The monowheel absorbed the shock of potholes and boulders, leapt larger depressions, and turned its wheel into a tall ellipse to ford rivers. Once, when she was driving quickly up a shallow slope on a hillside towards a long bridge that had fallen into a ravine, the vehicle slammed to a stop as she was still squinting at the revealed rim of broken concrete and thinking about braking.

She turned round to Feril.

“Did you do that?”

“No,” the android said. “The vehicle would appear to be what is sometimes called ‘smart’.” Feril sounded slightly condescending. “Though not sentient, of course.”

“Of course.”

“I myself was just about to suggest braking.”

“Right,” she said. She looked for a way down into the ravine, then whirled the monowheel around towards a hairpinning side-road descending into the forest.

She walked, windmilling her stiff arms, by the side of a waterfall in low hills they thought must be near the north-western limits of the Areas. The android stood in the pool at the foot of the waterfall, waves lapping round its thighs. She was determined not to ask it why it was doing this.

“Hey,” she said, peering under the rear of the vehicle. “There’s a mark, a gouge or something here.” She looked at the android. “What happened to the due care and attention?”

“Oh,” Feril said quietly, staring into the water. “That will be a bullet mark.”

“A bullet mark?” she said.

Feril nodded slowly, still staring at the water. “We picked that up last night at the Lantskaarian border.” It looked at her briefly, head turning smoothly to and fro. “It all happened very quickly,” it said reassuringly. “By the time I had an opportunity to waken you, we were out of danger. I thought it best to let you sleep.” Its voice was soft.

She was not sure what to say.

Feril stooped, dipping suddenly, one hand flicking into the water, then it straightened and walked towards her, a half-metre-long fish flapping powerfully in its hand.

She looked at it.

“You said you were hungry,” Feril explained. “I suggest we grill the fish with the laser.”

She nodded, wondering why they had not thought to ask the android’s help when they had all been starving at the fjord.

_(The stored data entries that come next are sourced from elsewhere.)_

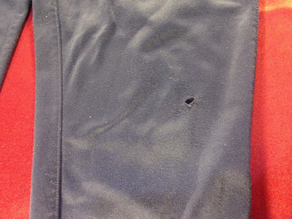 DEFECTS: SMALL HOLE IN LEFT KNEE
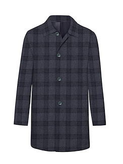 Navy and Mid Blue Tonal Flannel Cashmere Blend Plaid Mac
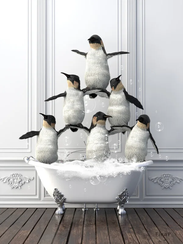 Obraz na plátně Penguins in Tub Print Wall Art,penguin Photo, penguin Art
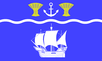 It is a blue shield. The chief is divided from the rest by a silver (=white) fess wavy. Below is a silver (=white) sailing ship with three masts (Holk). In the chief is a silver (=white) upright anchor flanked by two golden (= yellow) sheaves of grain.

“Thank you, Feril,” she said. She no longer felt hungry, but she supposed she had better eat. “I’ll get the gun.”

They reached the Security Franchise strip that afternoon, traversing several military roads in the forested hills while Feril monitored leakages of comm and sensory wavelengths. It guided them away from the roads and the areas where the electromagnetic clutter was thickest; they took to tracks, then paths, then the forest floor, thick with rotting leaf-scales and mosscovered boulders.

They crossed what they guessed was the border into Caltasp by wading the monowheel through a rushing stream beneath a ramshackle, electrified fence; the vehicle reduced the portion of the wheel under its body almost to nothing at one point, and at another was actually afloat, in a dark pool under the everleafed trees. Even then, it remained perfectly stable and level in the water, gyros whining distantly. A light flashed on the instruments and Feril suggested pressing the glowing area; when she did the monowheel surged forward through the water, leaving a foamy wake.